Modulation-based Speech Enhancement

We recently proposed speech enhancement in modulation domain. In the following contributions, speech enhancement results in modulation domain are presented.

M. Blass, P. Mowlaee, B. Kleijn, "Single-Channel Speech Enhancement Using Double Spectrum", in Proc. INTERSPEECH 2016, San Fransisco, USA, September 2016 [Audio].
P. Mowlaee, M. Blass, B. Kleijn, "New Results in Modulation-Domain Single-Channel Speech Enhancement", IEEE/ACM Transactions on Audio, Speech and Language Processing, vol. 25, Iss. 11, pp. 2125-2137, Nov. 2017.[Audio].

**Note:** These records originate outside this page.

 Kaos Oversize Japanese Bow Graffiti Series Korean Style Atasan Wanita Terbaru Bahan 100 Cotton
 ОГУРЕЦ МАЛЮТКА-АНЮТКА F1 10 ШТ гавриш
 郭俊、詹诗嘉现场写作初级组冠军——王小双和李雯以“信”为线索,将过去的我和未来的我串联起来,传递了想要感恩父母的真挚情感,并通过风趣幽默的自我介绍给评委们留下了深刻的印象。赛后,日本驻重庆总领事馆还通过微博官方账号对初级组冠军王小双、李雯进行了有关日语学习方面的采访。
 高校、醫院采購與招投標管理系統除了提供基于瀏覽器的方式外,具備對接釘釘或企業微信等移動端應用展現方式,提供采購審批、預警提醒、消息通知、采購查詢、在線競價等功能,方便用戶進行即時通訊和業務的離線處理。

Below, we present some audio samples demonstrating the impact of the proposed double spectrum speech enhancement versus benchmark methods. The results are shown for the fully blind scenario of male and female utterance corrupted in white and babble noise. For comparison, results of mmsestsa, MMSE-SPU and Modulation Spectral Subtraction (ModSpecSub) methods are shown. Here we present the results of the instrumental predictors for perceived quality and speech intelligibility using PESQ and STOI, respectively:

Female speech: ''The small boy put the worm on the hook'' in babble noise SNR = 0 (dB):

PESQ: Proposed = 2.34, mmsestsa = 2.19, ModSpecSub = 2.17 , MMSE-SPU = 2.15, Noisy = 1.95.

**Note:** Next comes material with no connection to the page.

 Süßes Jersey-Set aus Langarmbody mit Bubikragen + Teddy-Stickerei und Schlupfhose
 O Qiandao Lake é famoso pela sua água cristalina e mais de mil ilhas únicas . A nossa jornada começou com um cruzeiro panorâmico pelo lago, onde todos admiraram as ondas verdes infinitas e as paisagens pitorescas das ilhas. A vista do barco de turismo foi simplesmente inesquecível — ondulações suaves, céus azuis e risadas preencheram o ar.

STOI: Proposed = 0.6899, mmsestsa = 0.6912, ModSpecSub = 0.6166 , MMSE-SPU = 0.6682, Noisy = 0.6677.

Male speech: ''She wore warm, fleecy, woolen overalls.'' in babble noise SNR = 0 (dB):

PESQ: Proposed = 2.48, mmsestsa = 2.40, ModSpecSub = 2.38 , MMSE-SPU = 2.20, Noisy = 2.13.

STOI: Proposed = 0.7608, mmsestsa = 0.7576, ModSpecSub = 0.7001 , MMSE-SPU = 0.7154, Noisy = 0.7398.

Female speech: ''The small boy put the worm on the hook'' in white noise SNR = 0 (dB):

PESQ: Proposed = 2.22, mmsestsa = 2.18, ModSpecSub = 2.19 , MMSE-SPU = 2.21, Noisy = 1.68.

STOI: Proposed = 0.6522, mmsestsa = 0.6835, ModSpecSub = 0.6522 , MMSE-SPU = 0.6774, Noisy = 0.6497.

Male speech: ''Her purse was full of useless trash'' in train noise SNR = 0 (dB):

PESQ: Proposed = 1.78, mmsestsa = 1.76, ModSpecSub = 1.62 , MMSE-SPU = 1.38, Noisy = 1.37.

STOI: Proposed = 0.58, mmsestsa = 0.59, ModSpecSub = 0.56 , MMSE-SPU = 0.53, Noisy = 0.58.

Male speech: ''Wipe the grease off his dirty face'' in street noise SNR = 0 (dB):

PESQ: Proposed = 2.03, mmsestsa = 2.03, ModSpecSub = 2.05, MMSE-SPU = 1.82, Noisy = 1.72.

STOI: Proposed = 0.68, mmsestsa = 0.65, ModSpecSub = 0.65, MMSE-SPU = 0.64, Noisy = 0.67.